Allog­gio nella Ben­del­gasse
È per richie­denti asilo, distretto Meid­ling. Incon­triamo Hay­sal, 37 anni inse­gnante di inglese e infer­miere spe­cia­liz­zato. Di Hashad, città «molto reli­giosa» vicina a Tehe­ran, lui al con­tra­rio ha abban­do­nato l’islam, è senza barba e gira in maglietta, ere­sie che si pagano con la morte. Né si può pren­dere moglie da are­li­gioso. Per fug­gire ha pagato 2700 euro ai tra­ghet­ta­tori spa­riti appena entrati in Unghe­ria, dalla Ser­bia, tagliando il filo spi­nato. Gli occhi di quest’uomo alto e ben piaz­zato si riem­piono di lacrime. «Mi sono sen­tito trat­tato come un ani­male, anziani e bam­bini che chie­de­vano aiuto invano, la poli­zia ci ha costretti a cam­mi­nare a piedi 70 chi­lo­me­tri fino a Sze­ged. Durante il tra­gitto in barca dalla Tur­chia a Miti­lini ne abbiamo visto un altra che si capo­vol­geva». E’ entu­sia­sta di Vienna «In sta­zione a distri­buire bot­ti­glie d’acqua c’era anche un pro­fes­sore uni­ver­si­ta­rio, un inge­gnere, una cosa impen­sa­bile da noi». Così ha deciso di chie­dere asilo qui. L’avrà? Il mini­stero degli interni già molto restrit­tivo sta ela­bo­rando una nuova for­mula di asilo a ter­mine, incerta ancora la posi­zione dell’alleato di governo social­de­mo­cra­tico del can­cel­liere Wer­ner Faymann.

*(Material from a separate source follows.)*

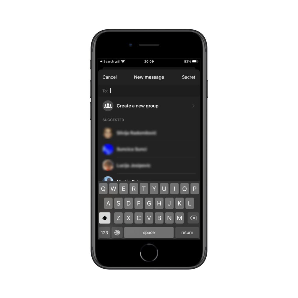 - Dodirnite Secret (Tajno) i daberite kontakt s kojim želite započeti svoj tajni razgovor.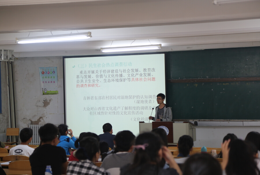 本次宣讲会由王家洪学长为同学们讲解暑期社会实践的各项内容,旨在让2015级学生对社会实践有更深刻的了解,以便更加高效地开展暑期社会实践。王家洪学长分别从活动流程、活动要求、项目类别、资助金额、上交材料的要求和资源获取途径六方面向同学们进行介绍,并结合往年优秀课题及调查形式给予同学们相应的建议。在宣讲过程中,同学们认真听讲并做好记录。在宣讲会结束后,同学们积极向王家洪学长询问关于暑期社会实践选题要求及申请书的撰写等问题。

Cen­tro crisi per bam­bini
Dre­h­scheibe, turn­ta­ble in inglese, cen­tro crisi spe­ciale per bam­bini del Comune che si occupa di bam­bini soli, rifu­giati o migranti. (Ci tro­viamo a Sim­me­ring, quar­tiere popo­lare ex-rosso pas­sato alla Fpoe). Il posto è tutto rin­no­vato, spazi gene­rosi, pareti dipinti dai bam­bini coll’aiuto di stu­denti dell’Accademia di Belle Arti. «Ogni giorno arri­vano da noi due bam­bini tro­vati in giro soli, la mag­gio­ranza è dell’Afghanistan» spiega la diret­trice del cen­tro Karin Hir­schl. I bam­bini riman­gono qui fino a tre mesi, il tempo neces­sa­rio per rimet­terli in sesto e chia­rire come e dove inse­rirli: in pic­cole comu­nità allog­gio o presso fami­glie. «Due fra­telli soli di 16 e 8 anni vole­vano per forza andare in Ger­ma­nia, era l’impegno preso dal più grande con la sua fami­glia. Li abbiamo con­vinti di rima­nere, il più pic­colo era troppo debole e malato per pro­se­guire». La Dre­h­scheibe si è fatto carico anche dei minori del discusso cen­tro di prima acco­glienza di Trai­skir­chen , seguendo la diret­tiva del sin­daco di Vienna Michael Haeupl, sup­plendo anche qui all’incapacità del mini­stero degli Interni di garan­tire ai minori non accom­pa­gnati un trat­ta­mento ade­guato.
Spe­riamo che i 100 esperti austriaci pro­messi per l’istallazione del famoso hotspot in Gre­cia non siano scelti dalla mini­stra Johanna Mikl Leitner.